The waterfall distribution model envisions a series of receptacles into which the funds for the return of the initial investment and distribution of profits flow downwardly once a designated rate of return is exceeded at the top tier and at each lower tier, respectively. As each lower tier is reached, the split of funds between the general partner and the limited partners changes.

A waterfall distribution model can vary substantially in structure and complexity from project to project depending on the needs and expectations of the private equity investors. Detailed provisions must be included in the limited partnership’s governing documents to address the distribution rules taking into account aspects such as the order in which the general partner and the limited partners are repaid their initial investment and their corresponding share of profits (“preferred return”), the rate of return (“hurdle”) that must be exceeded at each tier before funds can flow to the next tier hurdle, and how the rate of return for the hurdles will be measured (i.e. based on the percentage of interest earned on the investment over the entire holding period, the internal rate of return (“IRR”), or an equity multiple ratio calculated by dividing the sum of the equity investment, plus all profits, by the total amount of equity invested).

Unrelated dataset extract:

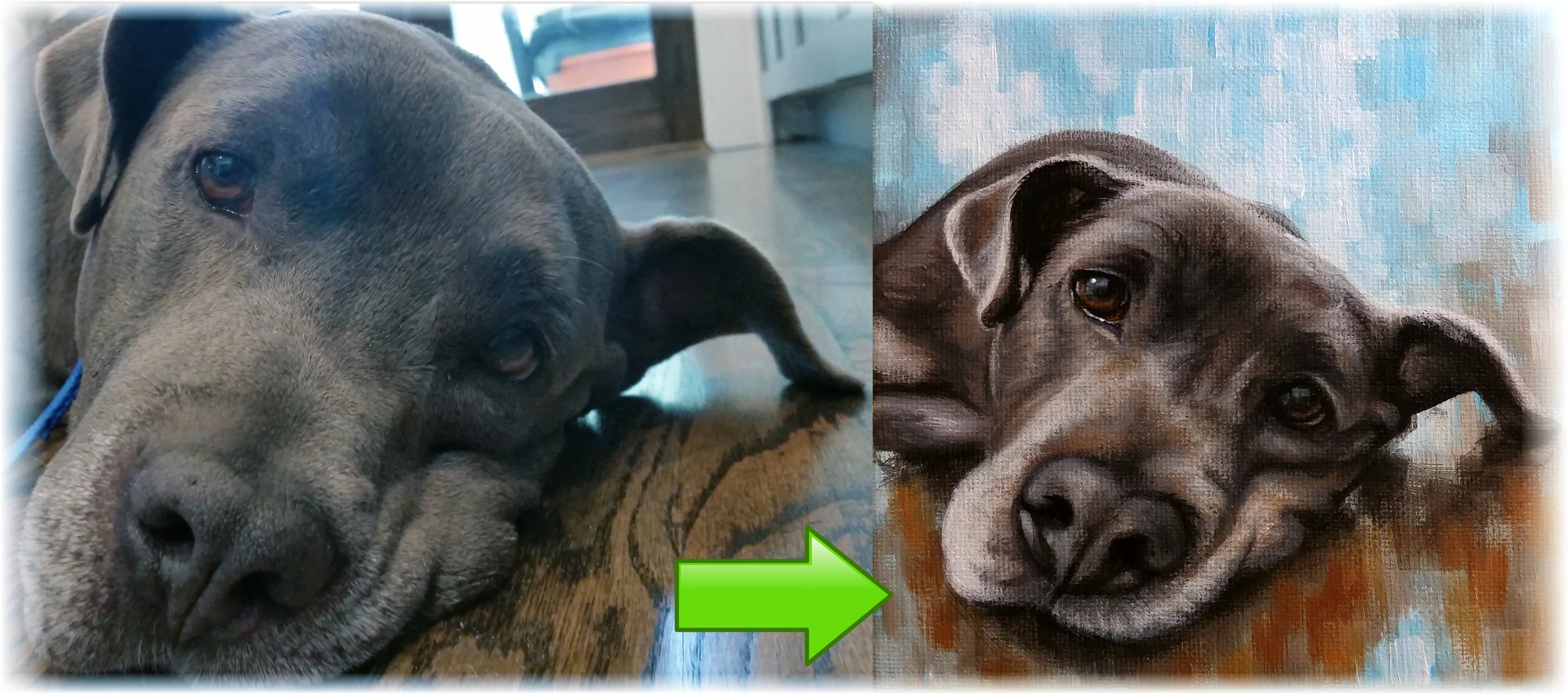 Love your pet? Need to spruce up your decor? Let me use my years of artistic experience to create a professional one-of-a-kind portrait of your cherished pet. Get a beautiful painting dedicated to your pet, give an original gift to an animal loving friend, or celebrate the memory of a pet that has passed for a loved one.
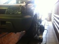 Машина оказалась в заводской краске, естественно бампера и крылья не проверить, но поверили хозяину на слово, что без ДТП. По подвеске — на замену один рулевой наконечник, одна тяга, все втулки стабилизатора и ! ГУР. Обломило лепестки в самом насосе, и руль крутился только если поднять обороты.

Either the IRR method or the equity multiple ratio method of measurement of the rate of return hurdle is typically used in commercial real estate investments that are held over long periods of time.

As relates specifically to the order in which the general partner and the limited partners are paid, waterfall distribution models can be structured as simple splits between the limited partners and the general partner, which are made subject to two typical provisions which should be considered, catch-up provisions and look-back provisions.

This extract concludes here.